Mike and Zelo Street have both put up excellent articles tearing apart the Tories in England for their massive class bias and signal incompetence over the ‘A’ level exam results. Yeah, Boris and his cabinet of grotesquely overprivileged ex-public school boys and girls are now doing a screeching U-turn, but this in response to the massive public outcry and dissatisfaction from their own benches. The public is getting the message that the Tories hate everyone below the centre middle classes. The Tories really  believe that the best opportunities and places right across society from industrial management, the arts, education and science, housing, healthcare, leisure and just about anything else they can get their hands on should go to the wealthy children of the upper and upper middle classes. The people, who have received exorbitantly expensive private educations at the elite schools.

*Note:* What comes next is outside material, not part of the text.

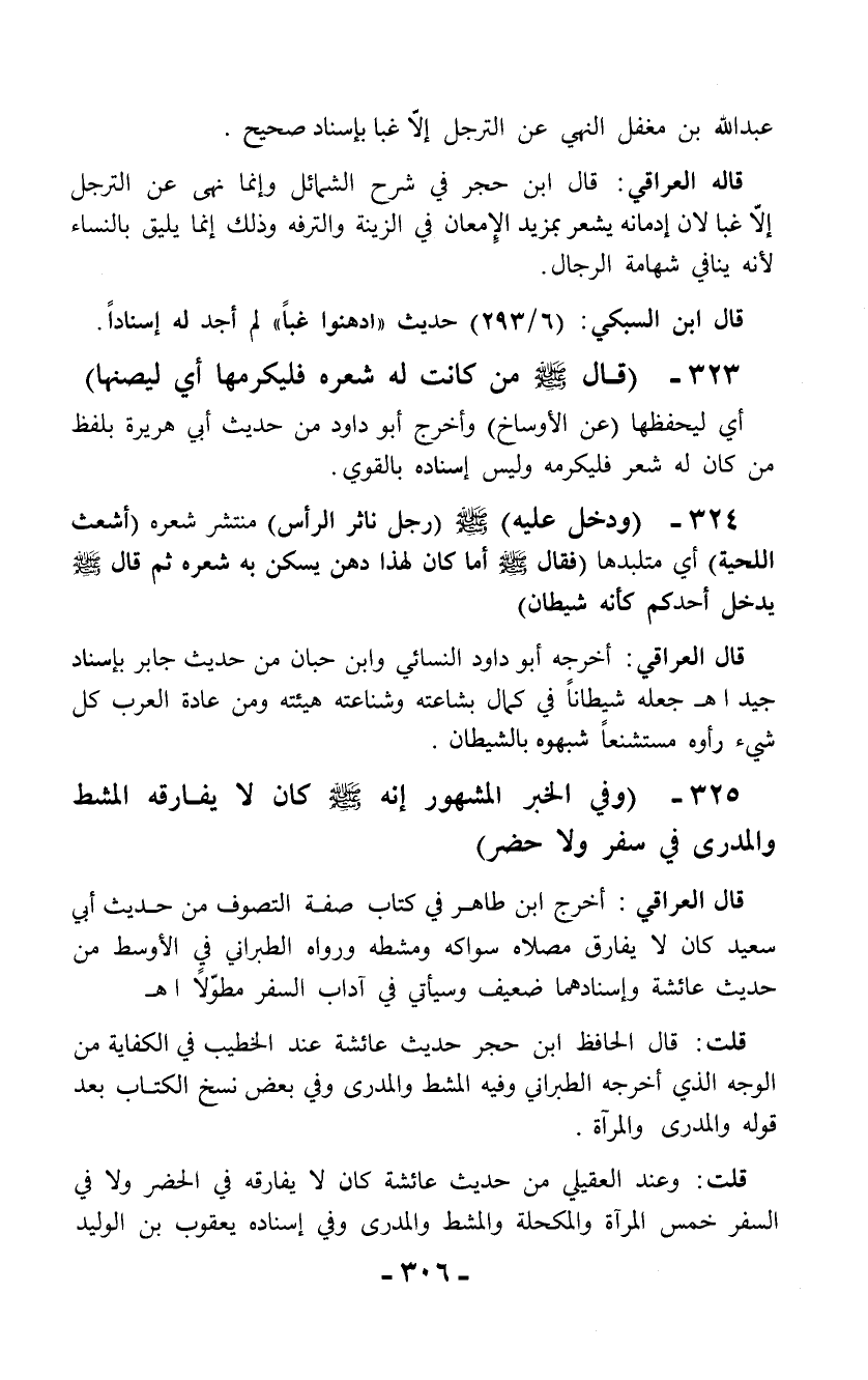 325 - (وفي الخبر المشهور إنه - صلى الله عليه وسلم - كان لا يفارقه المشط والمدرى في سفر ولا حضر)

The same people, who, non-coincidentally, supply a good few of the Blairite MPs in the Labour Party and the Blairites and Liberals, who attacked Corbyn’s Labour Party in what passes for the left-wing press, most notably the Groan, Absurder, and the I. The lower orders – the working and lower middle classes – are there to work in the manual trades and in the lower grade office work. But despite all the loud Tory braying about creating a classless England, a meritocracy where anyone can rise from the humblest origins through talent and hard work, the reality is that the Tories are staunchly behind the traditional British class system.

Owen Jones has a very revealing anecdote about how naked this class hatred is behind closed doors. In his book Chavs: the Demonisation of the Working Class, he describes how an unnamed Tory MP, speaking at a university Tory gathering behind closed doors, told his audience, ‘This is class war. And we started it.’ And in the 1990s Private Eye supplied further evidence in their literary reviews. One of these was in Danny Danziger’s Eton Voices, which consisted of a set of interviews with old Etonians. The anonymous reviewer was not impressed, describing just how smug, complacent and self-satisfied they were. One of the interviewees was an Anglican bishop, who confessed to only having respect for other old Etonians. He said that if he found out someone didn’t go to the old school, he felt that it somehow counted against them in some obscure fashion. The Eye’s reviewer wasn’t remotely surprised, and made it clear that they thought that attitude really counted against old Etonians and their school. I don’t think the bias is necessarily conscious either. It’s just there in their whole upbringing, which they imbibe with their mothers’ milk and the very air they breathe.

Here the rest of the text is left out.